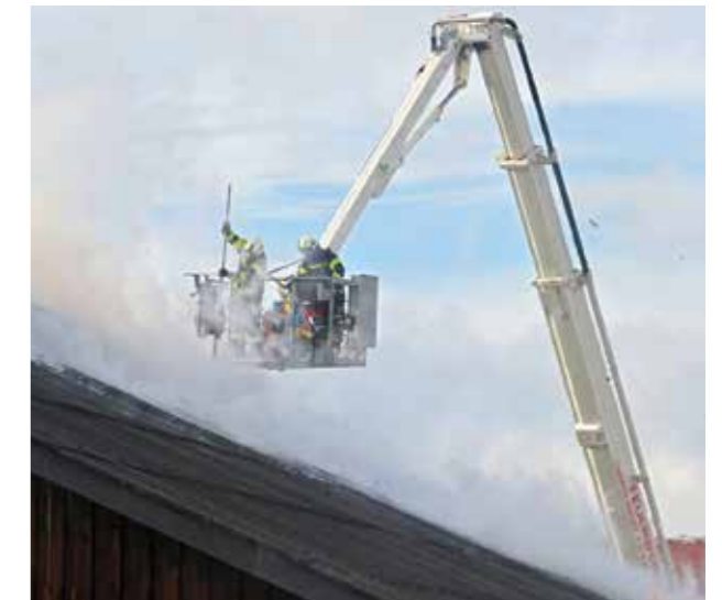
Brand landwirtschaftliches Gebäude
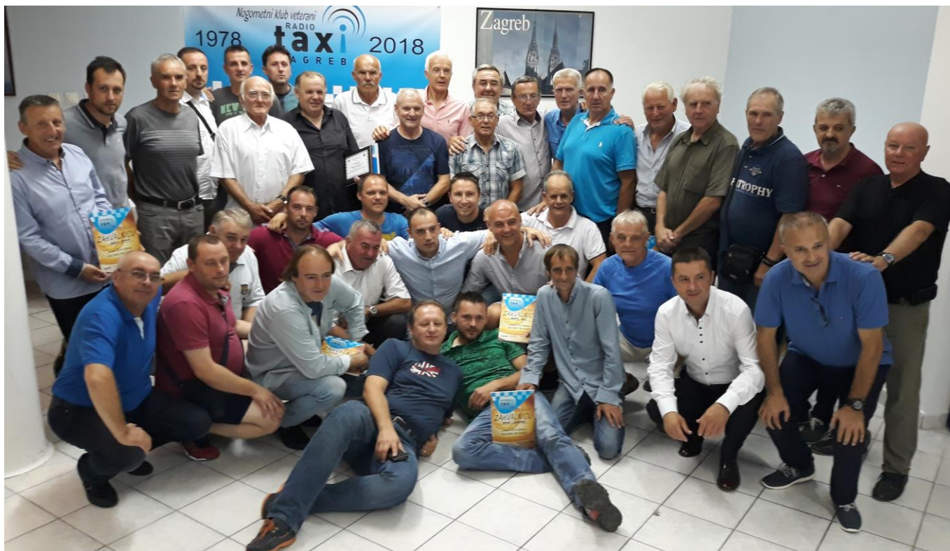
VNK Radio Taxi Zagreb, 3. mjesto , 2. liga skupina D (49. prvenstvo veterana ZNS, sezona 2017/2018)
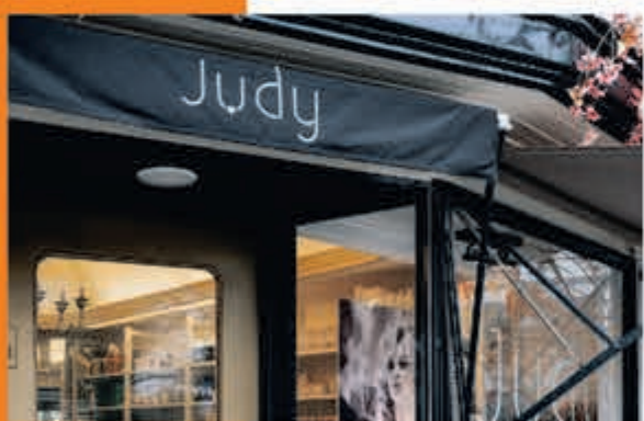
Judy Beauty Boutique J. v. Goyenstraat 35 Heemstede

ZONDAG 16 JUNI, 15.00 U. POLEN-NEDERLAND 0-2 VRIJDAG 21 JUNI, 21.00 U. NEDERLAND-FRANKRIJK 0-2 DINSDAG 25 JUNI, 18.00 U. NEDERLAND-OOSTENRIJK 2-0
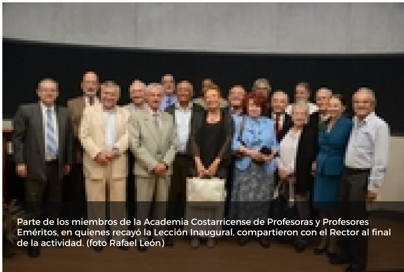
Parte de los miembros de la Academia Costarricense de Profesoras y Profesores Eméritos, en quienes recayó la Lección Inaugural, compartieron con el Rector al final de la actividad.
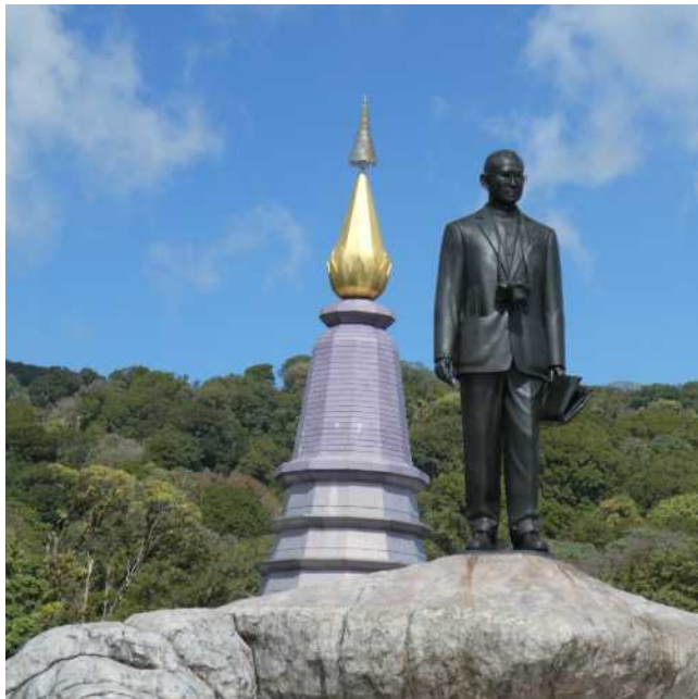
König Bhumibol Adulyadej von Thailand war 70 Jahre im Amt
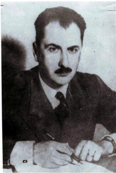
Fig. 1. Gheorghe I. I. C. Brătianu 1
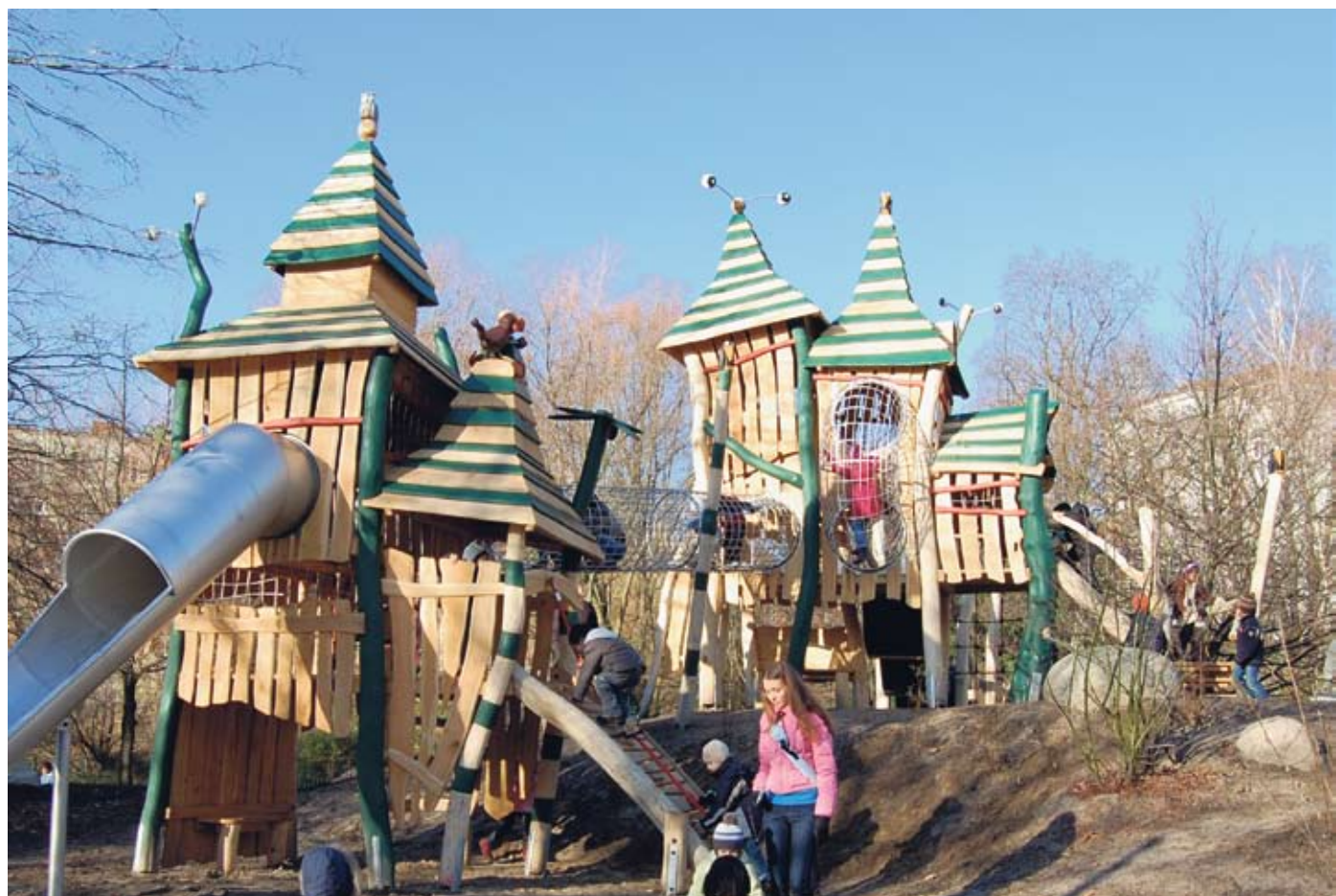
Ein lebendiger und phantasievoller Spielplatz ist im Nelly-Sachs-Park entstanden - Kinder und Eltern freuen sich!

Auch Anwohnerin Mila Hacke ist begeistert. Und auch ein wenig stolz. Denn Sie hatte die Idee zur Neugestaltung erst im Frühjahr 2008 bei einem Ideen-Aufruf des Teams QM eingereicht. Und dass der neue Spielplatz bereits Ende November 2009 eröffnet werden konnte, hätte sie selbst nicht für möglich gehalten. Bürger-Engagement lohnt sich!
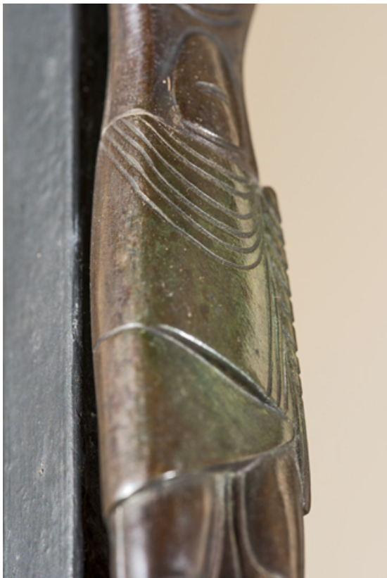
Détail du périzonium.

89, Migennes, 3 avenue Marcelin Berthelot
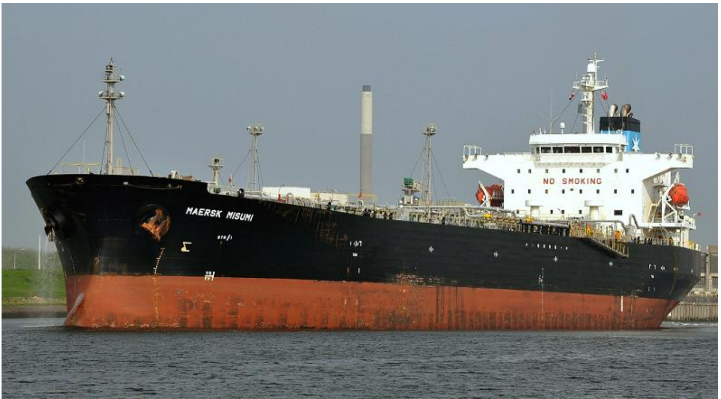
m.t. MAERSK MISUMI, 25-4-2014
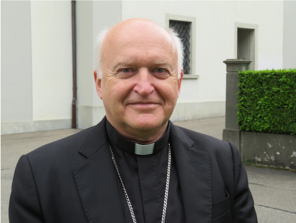
Ladislav Nemet ist seit 2008 Bischof von Zrenjanin.

Referenz: 80965057 Ausschnitt Seite: 3/3
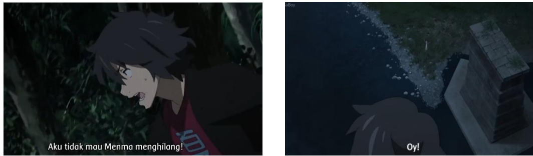
Gambar 7. Episode 6 di menit 18:27 – 20:00

Tanda : Jintan yang berlari untuk turun kebawah setelah melihat Menma berada di pinggiran sungai yang terletak di bawah jembatan.
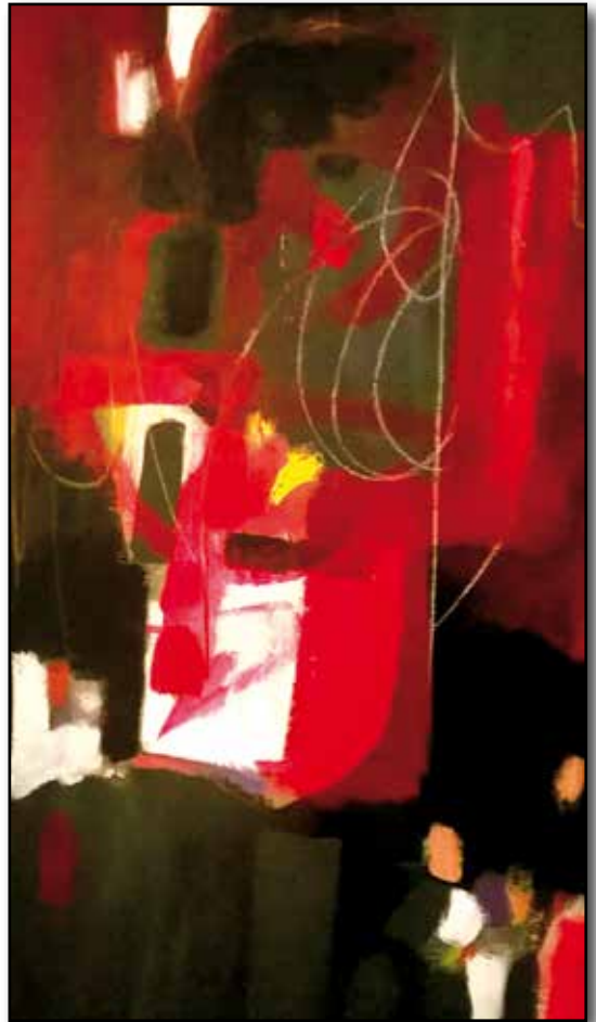
Natale De Luca - Viaggio nel rosso
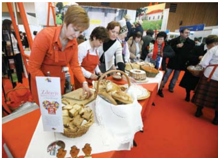
Pod znamko Srce Slovenije se je na turističnem sejmu Alpe-Adria zvrstilo preko 300 nastopajočih iz devetih občin
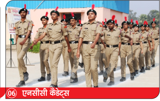
06) एनसीसी कैडेट्स

__________

- **PROBLEM**:
Copy exactly the lines that begin at the one containing "Auch Anwohnerin Mila" and end at the last line of the records, both included, omitting the pictures.

- **RESULT OF THE EXERCISE**:
Auch Anwohnerin Mila Hacke ist begeistert. Und auch ein wenig stolz. Denn Sie hatte die Idee zur Neugestaltung erst im Frühjahr 2008 bei einem Ideen-Aufruf des Teams QM eingereicht. Und dass der neue Spielplatz bereits Ende November 2009 eröffnet werden konnte, hätte sie selbst nicht für möglich gehalten. Bürger-Engagement lohnt sich!
Détail du périzonium.

89, Migennes, 3 avenue Marcelin Berthelot
m.t. MAERSK MISUMI, 25-4-2014
Ladislav Nemet ist seit 2008 Bischof von Zrenjanin.

Referenz: 80965057 Ausschnitt Seite: 3/3
Gambar 7. Episode 6 di menit 18:27 – 20:00

Tanda : Jintan yang berlari untuk turun kebawah setelah melihat Menma berada di pinggiran sungai yang terletak di bawah jembatan.
Natale De Luca - Viaggio nel rosso
Pod znamko Srce Slovenije se je na turističnem sejmu Alpe-Adria zvrstilo preko 300 nastopajočih iz devetih občin
06) एनसीसी कैडेट्स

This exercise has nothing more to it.